# [Directions for this task]
Up to and including the line that contains "米米哈罗女童毛衣冬装2026年新款儿童马年新款圣诞红色洋气上衣", return every line from the start of the data, unchanged.

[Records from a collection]

○ ○ ○ ○

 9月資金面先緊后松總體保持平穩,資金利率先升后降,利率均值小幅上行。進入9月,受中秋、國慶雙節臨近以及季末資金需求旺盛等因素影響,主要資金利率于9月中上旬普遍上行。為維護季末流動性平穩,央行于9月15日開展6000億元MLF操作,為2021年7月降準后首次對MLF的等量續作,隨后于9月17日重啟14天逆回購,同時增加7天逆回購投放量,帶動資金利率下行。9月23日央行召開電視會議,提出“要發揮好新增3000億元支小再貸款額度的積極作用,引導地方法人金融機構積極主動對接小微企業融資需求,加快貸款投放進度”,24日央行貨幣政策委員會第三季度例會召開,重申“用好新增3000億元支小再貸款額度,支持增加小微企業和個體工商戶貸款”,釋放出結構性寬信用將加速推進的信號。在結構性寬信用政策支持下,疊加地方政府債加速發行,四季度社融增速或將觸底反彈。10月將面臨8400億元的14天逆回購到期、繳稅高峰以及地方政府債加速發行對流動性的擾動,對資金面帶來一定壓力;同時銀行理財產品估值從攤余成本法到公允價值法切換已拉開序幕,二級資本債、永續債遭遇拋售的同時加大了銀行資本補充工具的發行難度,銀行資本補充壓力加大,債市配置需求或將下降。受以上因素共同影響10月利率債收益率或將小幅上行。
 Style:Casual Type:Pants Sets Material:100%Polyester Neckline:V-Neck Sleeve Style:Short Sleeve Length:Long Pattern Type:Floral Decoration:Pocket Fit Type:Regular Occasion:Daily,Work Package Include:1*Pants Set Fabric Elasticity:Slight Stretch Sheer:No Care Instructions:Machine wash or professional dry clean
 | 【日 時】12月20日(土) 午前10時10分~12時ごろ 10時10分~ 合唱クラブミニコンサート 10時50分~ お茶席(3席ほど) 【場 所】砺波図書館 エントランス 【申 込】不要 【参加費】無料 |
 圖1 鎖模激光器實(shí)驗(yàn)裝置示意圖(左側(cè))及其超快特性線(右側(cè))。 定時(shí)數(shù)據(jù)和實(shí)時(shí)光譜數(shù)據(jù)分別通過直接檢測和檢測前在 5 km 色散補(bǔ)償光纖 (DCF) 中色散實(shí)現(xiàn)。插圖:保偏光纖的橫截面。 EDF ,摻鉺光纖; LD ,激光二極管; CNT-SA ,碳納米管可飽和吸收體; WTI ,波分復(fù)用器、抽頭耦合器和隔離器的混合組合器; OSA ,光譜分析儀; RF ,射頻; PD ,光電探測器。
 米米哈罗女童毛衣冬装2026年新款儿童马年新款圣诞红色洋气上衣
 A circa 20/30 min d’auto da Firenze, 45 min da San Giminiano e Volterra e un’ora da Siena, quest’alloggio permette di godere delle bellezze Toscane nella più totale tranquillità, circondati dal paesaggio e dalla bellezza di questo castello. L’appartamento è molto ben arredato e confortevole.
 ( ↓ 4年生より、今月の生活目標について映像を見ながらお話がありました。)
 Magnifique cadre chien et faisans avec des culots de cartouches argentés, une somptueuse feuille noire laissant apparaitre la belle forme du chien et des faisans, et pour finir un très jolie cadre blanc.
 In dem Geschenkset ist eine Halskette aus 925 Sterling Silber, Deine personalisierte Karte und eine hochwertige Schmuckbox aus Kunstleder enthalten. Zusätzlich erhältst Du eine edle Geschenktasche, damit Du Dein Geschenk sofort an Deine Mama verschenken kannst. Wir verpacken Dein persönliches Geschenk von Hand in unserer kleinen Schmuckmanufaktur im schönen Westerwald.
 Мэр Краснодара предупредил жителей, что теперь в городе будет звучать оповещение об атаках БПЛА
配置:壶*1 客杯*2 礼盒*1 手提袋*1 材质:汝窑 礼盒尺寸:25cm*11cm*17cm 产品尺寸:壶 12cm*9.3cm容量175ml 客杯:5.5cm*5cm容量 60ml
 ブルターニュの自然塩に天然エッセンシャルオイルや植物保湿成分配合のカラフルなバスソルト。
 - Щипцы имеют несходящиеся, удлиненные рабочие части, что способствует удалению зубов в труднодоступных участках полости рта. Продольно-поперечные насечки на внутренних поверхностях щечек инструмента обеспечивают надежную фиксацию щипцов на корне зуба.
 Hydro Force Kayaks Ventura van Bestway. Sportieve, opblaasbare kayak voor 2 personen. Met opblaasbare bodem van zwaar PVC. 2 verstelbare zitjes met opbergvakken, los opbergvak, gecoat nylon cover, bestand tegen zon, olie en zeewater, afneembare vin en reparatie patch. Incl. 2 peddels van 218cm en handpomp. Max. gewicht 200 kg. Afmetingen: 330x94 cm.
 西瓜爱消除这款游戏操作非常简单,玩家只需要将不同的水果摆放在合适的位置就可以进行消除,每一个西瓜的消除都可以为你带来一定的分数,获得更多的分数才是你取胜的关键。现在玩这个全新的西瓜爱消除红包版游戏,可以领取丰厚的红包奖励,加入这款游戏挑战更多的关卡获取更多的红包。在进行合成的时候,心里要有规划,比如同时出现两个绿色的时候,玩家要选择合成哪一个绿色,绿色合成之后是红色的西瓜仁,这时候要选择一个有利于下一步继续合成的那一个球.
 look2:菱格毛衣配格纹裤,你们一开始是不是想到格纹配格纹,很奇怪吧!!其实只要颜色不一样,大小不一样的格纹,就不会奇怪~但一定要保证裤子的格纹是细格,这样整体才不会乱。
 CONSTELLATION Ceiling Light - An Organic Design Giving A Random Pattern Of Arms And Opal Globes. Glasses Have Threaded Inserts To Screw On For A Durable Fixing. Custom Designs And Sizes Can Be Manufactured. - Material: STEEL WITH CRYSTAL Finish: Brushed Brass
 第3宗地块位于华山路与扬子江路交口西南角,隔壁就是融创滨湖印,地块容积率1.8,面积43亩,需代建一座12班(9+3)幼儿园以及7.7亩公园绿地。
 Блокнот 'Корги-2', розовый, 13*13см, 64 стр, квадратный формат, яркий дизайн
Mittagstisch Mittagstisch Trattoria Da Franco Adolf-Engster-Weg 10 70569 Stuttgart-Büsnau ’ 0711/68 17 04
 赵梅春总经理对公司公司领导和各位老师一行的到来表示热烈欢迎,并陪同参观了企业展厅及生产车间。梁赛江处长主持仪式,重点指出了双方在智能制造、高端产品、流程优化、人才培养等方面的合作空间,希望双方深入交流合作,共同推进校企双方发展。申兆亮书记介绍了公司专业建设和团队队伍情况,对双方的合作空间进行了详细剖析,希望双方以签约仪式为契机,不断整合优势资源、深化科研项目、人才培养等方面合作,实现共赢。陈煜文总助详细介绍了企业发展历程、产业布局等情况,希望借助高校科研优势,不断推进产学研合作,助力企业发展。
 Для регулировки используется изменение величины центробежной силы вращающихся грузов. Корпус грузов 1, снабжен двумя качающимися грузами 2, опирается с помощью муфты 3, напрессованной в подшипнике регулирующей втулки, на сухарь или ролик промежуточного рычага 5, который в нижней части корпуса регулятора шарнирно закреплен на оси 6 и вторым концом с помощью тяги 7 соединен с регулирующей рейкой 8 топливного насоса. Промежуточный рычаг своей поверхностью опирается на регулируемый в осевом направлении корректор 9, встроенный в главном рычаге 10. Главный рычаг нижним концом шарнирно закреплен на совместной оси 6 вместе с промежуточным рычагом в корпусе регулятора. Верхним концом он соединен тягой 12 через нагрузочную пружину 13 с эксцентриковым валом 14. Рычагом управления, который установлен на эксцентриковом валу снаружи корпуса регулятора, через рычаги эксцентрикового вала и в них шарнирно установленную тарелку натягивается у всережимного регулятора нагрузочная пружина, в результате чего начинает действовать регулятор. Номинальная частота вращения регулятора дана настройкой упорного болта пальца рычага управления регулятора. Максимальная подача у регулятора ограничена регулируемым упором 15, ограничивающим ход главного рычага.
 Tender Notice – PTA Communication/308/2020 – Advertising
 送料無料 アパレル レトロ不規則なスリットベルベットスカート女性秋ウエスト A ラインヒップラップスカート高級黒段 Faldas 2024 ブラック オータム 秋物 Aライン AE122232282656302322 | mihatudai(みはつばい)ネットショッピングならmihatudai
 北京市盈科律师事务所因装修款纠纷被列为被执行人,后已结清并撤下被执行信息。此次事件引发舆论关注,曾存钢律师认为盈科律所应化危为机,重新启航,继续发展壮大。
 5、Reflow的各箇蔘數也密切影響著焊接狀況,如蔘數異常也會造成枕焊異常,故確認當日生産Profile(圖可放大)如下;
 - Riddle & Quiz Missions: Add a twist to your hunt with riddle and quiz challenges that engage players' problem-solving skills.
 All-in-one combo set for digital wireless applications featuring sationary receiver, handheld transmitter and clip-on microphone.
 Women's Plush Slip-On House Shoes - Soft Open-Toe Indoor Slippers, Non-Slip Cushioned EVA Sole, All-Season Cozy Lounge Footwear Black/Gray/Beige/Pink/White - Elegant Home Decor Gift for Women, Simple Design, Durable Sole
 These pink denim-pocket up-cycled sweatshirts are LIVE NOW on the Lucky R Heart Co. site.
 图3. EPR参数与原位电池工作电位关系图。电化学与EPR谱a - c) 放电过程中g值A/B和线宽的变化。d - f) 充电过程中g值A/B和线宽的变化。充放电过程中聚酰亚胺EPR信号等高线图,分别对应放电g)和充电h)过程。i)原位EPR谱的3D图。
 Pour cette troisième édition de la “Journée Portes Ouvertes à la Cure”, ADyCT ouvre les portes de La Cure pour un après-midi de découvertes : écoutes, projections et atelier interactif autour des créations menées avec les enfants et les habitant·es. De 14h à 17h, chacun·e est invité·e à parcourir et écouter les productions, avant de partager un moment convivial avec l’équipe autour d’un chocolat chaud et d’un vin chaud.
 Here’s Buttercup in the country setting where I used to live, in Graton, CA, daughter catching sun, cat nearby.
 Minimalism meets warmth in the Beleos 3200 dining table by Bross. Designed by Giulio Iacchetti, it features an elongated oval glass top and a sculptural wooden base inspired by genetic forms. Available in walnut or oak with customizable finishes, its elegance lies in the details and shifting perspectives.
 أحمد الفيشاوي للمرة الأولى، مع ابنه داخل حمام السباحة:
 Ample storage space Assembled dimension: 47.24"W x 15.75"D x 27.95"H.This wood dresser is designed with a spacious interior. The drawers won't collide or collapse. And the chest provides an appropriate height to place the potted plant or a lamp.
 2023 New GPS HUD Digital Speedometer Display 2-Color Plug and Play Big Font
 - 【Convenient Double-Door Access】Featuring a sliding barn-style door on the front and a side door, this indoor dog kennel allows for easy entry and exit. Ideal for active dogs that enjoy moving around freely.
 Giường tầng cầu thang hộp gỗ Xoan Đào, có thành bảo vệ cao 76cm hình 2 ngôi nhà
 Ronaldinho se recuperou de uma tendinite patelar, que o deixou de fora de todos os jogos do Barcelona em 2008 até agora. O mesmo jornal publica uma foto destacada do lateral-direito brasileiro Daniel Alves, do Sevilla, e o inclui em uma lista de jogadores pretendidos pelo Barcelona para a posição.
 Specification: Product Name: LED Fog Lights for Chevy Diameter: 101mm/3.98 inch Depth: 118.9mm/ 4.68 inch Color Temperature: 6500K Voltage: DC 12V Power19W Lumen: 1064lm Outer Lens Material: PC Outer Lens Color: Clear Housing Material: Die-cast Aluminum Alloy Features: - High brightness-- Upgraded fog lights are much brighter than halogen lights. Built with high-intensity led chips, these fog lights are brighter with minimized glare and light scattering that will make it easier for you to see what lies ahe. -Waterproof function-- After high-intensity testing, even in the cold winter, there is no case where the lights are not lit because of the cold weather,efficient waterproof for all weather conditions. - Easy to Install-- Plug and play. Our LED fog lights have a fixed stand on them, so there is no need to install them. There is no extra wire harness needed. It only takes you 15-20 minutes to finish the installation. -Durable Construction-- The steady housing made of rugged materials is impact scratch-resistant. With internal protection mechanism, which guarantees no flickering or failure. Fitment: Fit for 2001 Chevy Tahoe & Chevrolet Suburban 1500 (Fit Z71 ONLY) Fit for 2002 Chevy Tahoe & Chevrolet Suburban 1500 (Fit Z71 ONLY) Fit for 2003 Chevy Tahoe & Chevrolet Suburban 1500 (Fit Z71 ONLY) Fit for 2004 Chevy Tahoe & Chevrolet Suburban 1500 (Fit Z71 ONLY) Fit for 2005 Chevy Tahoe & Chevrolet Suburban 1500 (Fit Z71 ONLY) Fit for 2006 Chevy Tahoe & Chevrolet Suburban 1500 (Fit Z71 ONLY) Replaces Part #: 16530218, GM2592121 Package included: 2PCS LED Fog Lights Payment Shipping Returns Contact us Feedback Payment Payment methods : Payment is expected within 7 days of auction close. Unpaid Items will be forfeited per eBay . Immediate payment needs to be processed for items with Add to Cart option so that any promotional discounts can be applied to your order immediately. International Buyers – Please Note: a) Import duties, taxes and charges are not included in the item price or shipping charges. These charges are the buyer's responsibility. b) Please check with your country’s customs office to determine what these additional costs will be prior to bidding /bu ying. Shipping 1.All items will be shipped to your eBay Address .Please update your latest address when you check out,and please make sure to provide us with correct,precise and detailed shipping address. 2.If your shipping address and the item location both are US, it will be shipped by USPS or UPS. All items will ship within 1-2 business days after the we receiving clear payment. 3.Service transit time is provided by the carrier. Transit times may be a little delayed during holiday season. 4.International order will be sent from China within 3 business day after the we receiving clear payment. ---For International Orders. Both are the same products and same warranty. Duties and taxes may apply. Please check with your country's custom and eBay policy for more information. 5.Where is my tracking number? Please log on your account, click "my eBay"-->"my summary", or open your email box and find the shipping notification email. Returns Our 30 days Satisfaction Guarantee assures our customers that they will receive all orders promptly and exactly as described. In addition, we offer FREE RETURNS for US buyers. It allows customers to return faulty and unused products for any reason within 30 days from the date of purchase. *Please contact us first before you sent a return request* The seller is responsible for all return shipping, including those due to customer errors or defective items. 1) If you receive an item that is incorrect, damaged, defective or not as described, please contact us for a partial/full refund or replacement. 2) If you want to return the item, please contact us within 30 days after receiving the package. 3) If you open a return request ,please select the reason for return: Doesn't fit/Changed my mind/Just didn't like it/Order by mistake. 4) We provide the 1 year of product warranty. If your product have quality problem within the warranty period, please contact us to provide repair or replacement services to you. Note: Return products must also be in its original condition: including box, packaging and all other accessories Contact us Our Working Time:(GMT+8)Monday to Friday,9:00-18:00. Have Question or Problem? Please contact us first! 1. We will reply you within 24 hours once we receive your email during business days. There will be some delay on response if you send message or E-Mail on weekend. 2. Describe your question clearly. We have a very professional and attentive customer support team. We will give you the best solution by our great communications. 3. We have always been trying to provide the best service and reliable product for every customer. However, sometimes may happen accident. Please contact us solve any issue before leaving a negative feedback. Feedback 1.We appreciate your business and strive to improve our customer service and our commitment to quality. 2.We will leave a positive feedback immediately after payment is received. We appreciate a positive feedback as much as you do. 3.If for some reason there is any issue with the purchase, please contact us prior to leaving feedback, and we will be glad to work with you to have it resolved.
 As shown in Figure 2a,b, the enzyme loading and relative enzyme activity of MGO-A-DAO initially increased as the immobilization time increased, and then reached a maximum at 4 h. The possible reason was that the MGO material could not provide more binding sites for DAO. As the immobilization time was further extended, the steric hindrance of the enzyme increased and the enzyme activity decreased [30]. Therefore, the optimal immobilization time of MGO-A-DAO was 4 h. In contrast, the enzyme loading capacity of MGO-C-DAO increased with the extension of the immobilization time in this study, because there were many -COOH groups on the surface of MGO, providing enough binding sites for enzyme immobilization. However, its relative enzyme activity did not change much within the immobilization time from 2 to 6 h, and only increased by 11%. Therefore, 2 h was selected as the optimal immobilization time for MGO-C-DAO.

○ ○ ○ ○

# [Answer to this exercise]
 9月資金面先緊后松總體保持平穩,資金利率先升后降,利率均值小幅上行。進入9月,受中秋、國慶雙節臨近以及季末資金需求旺盛等因素影響,主要資金利率于9月中上旬普遍上行。為維護季末流動性平穩,央行于9月15日開展6000億元MLF操作,為2021年7月降準后首次對MLF的等量續作,隨后于9月17日重啟14天逆回購,同時增加7天逆回購投放量,帶動資金利率下行。9月23日央行召開電視會議,提出“要發揮好新增3000億元支小再貸款額度的積極作用,引導地方法人金融機構積極主動對接小微企業融資需求,加快貸款投放進度”,24日央行貨幣政策委員會第三季度例會召開,重申“用好新增3000億元支小再貸款額度,支持增加小微企業和個體工商戶貸款”,釋放出結構性寬信用將加速推進的信號。在結構性寬信用政策支持下,疊加地方政府債加速發行,四季度社融增速或將觸底反彈。10月將面臨8400億元的14天逆回購到期、繳稅高峰以及地方政府債加速發行對流動性的擾動,對資金面帶來一定壓力;同時銀行理財產品估值從攤余成本法到公允價值法切換已拉開序幕,二級資本債、永續債遭遇拋售的同時加大了銀行資本補充工具的發行難度,銀行資本補充壓力加大,債市配置需求或將下降。受以上因素共同影響10月利率債收益率或將小幅上行。
 Style:Casual Type:Pants Sets Material:100%Polyester Neckline:V-Neck Sleeve Style:Short Sleeve Length:Long Pattern Type:Floral Decoration:Pocket Fit Type:Regular Occasion:Daily,Work Package Include:1*Pants Set Fabric Elasticity:Slight Stretch Sheer:No Care Instructions:Machine wash or professional dry clean
 | 【日 時】12月20日(土) 午前10時10分~12時ごろ 10時10分~ 合唱クラブミニコンサート 10時50分~ お茶席(3席ほど) 【場 所】砺波図書館 エントランス 【申 込】不要 【参加費】無料 |
 圖1 鎖模激光器實(shí)驗(yàn)裝置示意圖(左側(cè))及其超快特性線(右側(cè))。 定時(shí)數(shù)據(jù)和實(shí)時(shí)光譜數(shù)據(jù)分別通過直接檢測和檢測前在 5 km 色散補(bǔ)償光纖 (DCF) 中色散實(shí)現(xiàn)。插圖:保偏光纖的橫截面。 EDF ,摻鉺光纖; LD ,激光二極管; CNT-SA ,碳納米管可飽和吸收體; WTI ,波分復(fù)用器、抽頭耦合器和隔離器的混合組合器; OSA ,光譜分析儀; RF ,射頻; PD ,光電探測器。
 米米哈罗女童毛衣冬装2026年新款儿童马年新款圣诞红色洋气上衣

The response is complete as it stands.